# Can a PCI-E 2.0 card work on a regular PCI-E slot?



## CDdude55 (Oct 31, 2007)

Can it?


----------



## wazzledoozle (Oct 31, 2007)

yes


----------



## ex_reven (Oct 31, 2007)

Could someone post a few graphics cards that use the 2.0 spec?
Ive been falling behind with my hardware of late lol.


----------



## panchoman (Oct 31, 2007)

i think the r670 is a pci 2.0 card, correct me if im wrong.


----------



## Protius (Oct 31, 2007)

8800gt


----------



## francis511 (Oct 31, 2007)

Pci-e has been designed to be totally backwards compatible( I think)


----------



## ex_reven (Oct 31, 2007)

francis511 said:


> Pci-e has been designed to be totally backwards compatible( I think)



Yeah I think so to.

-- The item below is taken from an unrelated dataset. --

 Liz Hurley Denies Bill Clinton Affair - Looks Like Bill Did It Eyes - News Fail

Just like USB.


----------



## patton45 (Oct 31, 2007)

pci-e is totally back wards compatiable its bacically an increase  in the current 2.5ghz bandwidth of pci but the current selection of cards including the ultras and 2900xtx dont even saturate the entire bandwidth of pci-e 1   so dont feel you have to go out and get a new mobo just for your new 8800gt cause it wont sautrate your 1.0 bandwidth and i think the rv670 will be the first pci-e2.0 and dx10.1 compatiable card if it beats the 9800 which as of now its way ahead of it


----------



## GrapeApe (Oct 31, 2007)

CDdude55 said:


> Can it?



Yes, but there's reported early issues with some PCIe 1.0 spec setups, especially those that are PEG slots running at 4X etc, nut for a standard 16X slot the issue should be minimal as they are designed to be very bckwards compatbile by spec.



			
				ex_reven said:
			
		

> Could someone post a few graphics cards that use the 2.0 spec?



G92 and RV670 cards. 

Also the R600 and other RV6xx cards have been shown to run on PCIe 2.0 boards, and at the very least benefit fromt the additional power if not the improved signalling.

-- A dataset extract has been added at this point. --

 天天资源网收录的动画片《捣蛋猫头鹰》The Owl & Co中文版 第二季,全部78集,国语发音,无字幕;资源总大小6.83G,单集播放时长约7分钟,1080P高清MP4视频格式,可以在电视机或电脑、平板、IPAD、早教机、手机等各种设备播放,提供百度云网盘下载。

The R600 showed it before launch running on an early PCIe2.0 board with the need of only 1 of the two power connectors (the other 75W coming fromt the PCIe2.0 slot).


----------



## CDdude55 (Oct 31, 2007)

Thanks everyone.


----------



## Protius (Oct 31, 2007)

is there any benchmarks on the performance difference between regular and 2.0 yet?


----------



## patton45 (Oct 31, 2007)

no because there should be no current peformance difference until the 9800s are out which might actually use more of the avaliable bandwidth currently an 8800 uses only about 60-70% of the avaliable bandwidth so until the new gen cards with gpu that can use i doubt you will see any reviews on the performance differences

and i hear that pci-e is as future proof as you can get in the computer industry ie (agp will be the standard format for decades to come 3dfx said well that never really happened lol) can someone back that up but the rumor is there already working on a faster 3.0 and that its basically unlimited the future bandwiths


----------



## ex_reven (Oct 31, 2007)

patton45 said:


> no because there should be no current peformance difference until the 9800s are out which might actually use more of the avaliable bandwidth currently an 8800 uses only about 60-70% of the avaliable bandwidth so until the new gen cards with gpu that can use i doubt you will see any reviews on the performance differences



They say that like 40-60% of performance of two cards is lost in SLI though. Will PCIE help that? Or is it unrelated?


----------



## patton45 (Oct 31, 2007)

no those issuse are not hardware related its nvidias incompetence to release a good working drivers when the 7800 gx2 and 7950gx2 game out the two 7900gtx could beat the quad sli of the other two because of drivers .  nvidia has not perfected there teq so instead they just add more cards hence tripple sli  the pci-e 2 just increase the bandwith and in turn increaseing the watts its doesnt affect nvidias own chipset and driver incompetence.


----------



## kwchang007 (Oct 31, 2007)

ex_reven said:


> They say that like 40-60% of performance of two cards is lost in SLI though. Will PCIE help that? Or is it unrelated?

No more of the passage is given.